I think it's hard to take republican seriously when the engage in that dishonest way.

Specializes in Med-Surg.
1 hour ago, subee said:

I missed that the funding would provide only "government" day care

centers?  Is there no room for private-public partnerships with these funds?  People pay on a sliding scale at federally funded neighborhood health center.  Is there a plan to not continue with this plan for day care? I'm just asking because I really don't know the details.....and you know what the devil says about that.

I don't know what you're talking about so clearly my post wasn't worded well. I was talking about solutions to the daycare shortage that Beerman said Republicans should address and I said one way they wouldn't address it would be government run daycares.  I'd be interested in the solution.

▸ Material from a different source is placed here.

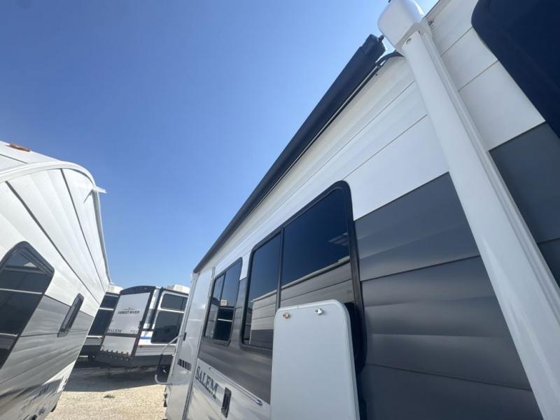 The Salem travel trailers are packed with hassle-free camping amenities and there are a variety of floorplans to choose from. The heated and enclosed Accessibelly will help protect against the elements and debris during transport, and the exterior retro/metal redesign is sure to be eye-catching! There are stylish roller shades inside, along with updated backsplash, elegant curtain rods and curtains, plus many more interior comforts! Choose a Salem travel trailer today for quality and value!

On 12/12/2021 at 6:20 PM, MunoRN said:

Wr know that climate change produces more severe and unpredictable weather events.  Tornados, hurricanes, drought events, rain and flooding events, temperature extremes all have become less stable in conjunction with climate change.  We just had a tornado that went through 4 states, possibly the largest in US history, in December.

There were similar tornadoes in the area in the 1920's.  The droughts of the Dust Bowl in the 1930's.   Denver just ended a streak of 230 something days between measurable snow....the longest streak since the 1880's.

Tornadoes, droughts, floods....they've all happened before.

 

Specializes in Med-Surg.

It might be just a coincidence that weather-related disasters have increased in the last 50 years.  It's just the Earth doing her thing like she always has and we humans just happen to be here and have no influence over it.

Still, I'd like us to admit we are in a climate change, as the Earth does like to do over time, and dumping pollutants all over the place might not be a good idea.